Moments later he was airborne. The plane was nimble, volatile. He banked left like he was used from the simulator and the intense response on the stick took him by surprise. After a few circles over the hangar module @RabidRosaries instructed him to fly west and join with the field. They were late. He went into the holding pattern with the others. They were doing an expansive figure eight over the hubs. He overtook a few aircraft by playing with the throttle. So easy. He had to remind himself that today was not about winning. Just finishing would be enough.

@wollet2's Occam swept up from below and flew parallel to him.
"You remind me of @Account" he voxed.
"Thank you."
"Thats not what I meant. Your old man was no racer, and you aint got it either. Plus that shitpipe you call an engine-"
@Mogpogs turned off the radio. At least he now knew what to expect from @wollet2.
The planes suddenly lined up and went for the starting line. @Mogpog wondered if he had missed the signal, maybe he had been distracted.
Regardless, the race had begun. He had to keep up, the last racer would be eliminated each round.
His hand closed around the throttle and he carefully accelerated.

@RabidRosaries was nervous though he did not let it show much. The control room was packed and all eyes were on the screens that showed @Mogpogs Perferator, but he tried to discreetly ogle over at @wollet2 on another screen. He cared for the kid, certainly, but he had money on @wollet2. @Danish_Retard would be hard to beat, but he had faith. He saw @wollet2's Occam playfully roll and overtake another craft. Too close, far too close. He bit his lip.
"Nervous?"
@BigJimsWornOutTires suddenly stood behind him.
"You could say that."
"No worries, the kid is gonna be fine. I know a pro when I see one."
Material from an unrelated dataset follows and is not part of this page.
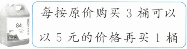 3+1=4(桶) 32÷4=8(组) 8×5=40(元) 760-40=720(元) 32-8=24(桶) 720÷24=30(元) 答:每桶消毒液的原价是 30 元。 解析 因为每按原价购买 3 桶后加 5 元可以再买 1 桶,所以购买的32 桶中有多少组 4 桶就有多少桶的价格为5 元。用 32÷4 求出以优惠价购买了 8 次,乘 5 即可求得 8 桶的总价。用 760 元减去这 8 桶所花费的钱就是按原价买消毒液的总价,32 桶减去 8 桶等于 24 桶,用剩下的总价除以数量即可求解。

They were entering the last quarter of the race. The speed had picked up, whoever was left now was not to be taken lightly. Seven pilots would make it and only eight were left, including @mogpog who was now seriously struggling to keep his place as number six. A long snouted yellow XB-8 Viper cut him off and forced him to swerve right hard to avoid a collision. He cursed and increased the throttle while banking away from the aggressive competitor.
He checked his six, lined himself up and hit the airbrakes so that he came up under the other pilot. Boom. He thought. You're dead.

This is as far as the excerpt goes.